[DATA EXCERPT — start]

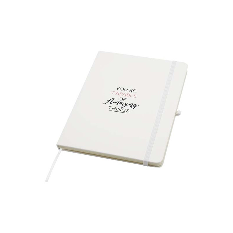 The Spectrum Plus A5 hard cover notebook with rounded corners is not only an office essential but also a great opportunity to promote your brand. The cardboard notebook has a soft-feel cover and 80 lined cream coloured sheets of 70 g/m², ideal for writing down quick ideas or long notes. The notebook has a pen loop, elastic closure, ribbon marker and accordion pocket.
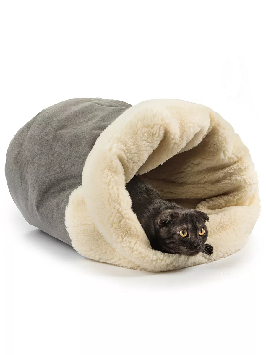 Домик нора для кошек и собак Нора с овчиной 50 см лежанка
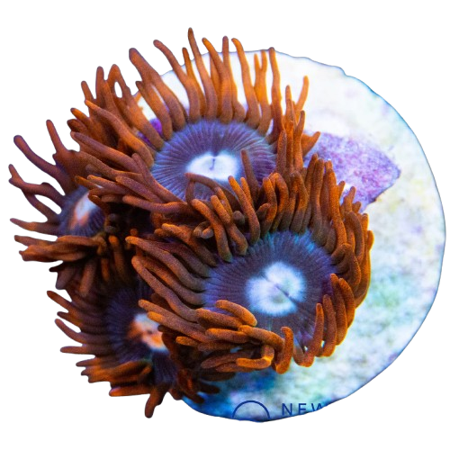 This stunning zoanthid variety showcases a fiery red-orange center surrounded by an icy blue ring, creating a mesmerizing contrast. Hardy and fast-growing, it thrives in moderate lighting and water flow, making it an excellent addition to any reef aquarium. Perfect for both beginners and experienced hobbyists!

[DATA EXCERPT — finish]

# PROMPT
Reproduce exactly the lines from the one with "Домик нора для" to the bottom of the listing, both ends included, and nothing else. Skip the pictures.

# OUTPUT FOR THIS TASK
 Домик нора для кошек и собак Нора с овчиной 50 см лежанка
 This stunning zoanthid variety showcases a fiery red-orange center surrounded by an icy blue ring, creating a mesmerizing contrast. Hardy and fast-growing, it thrives in moderate lighting and water flow, making it an excellent addition to any reef aquarium. Perfect for both beginners and experienced hobbyists!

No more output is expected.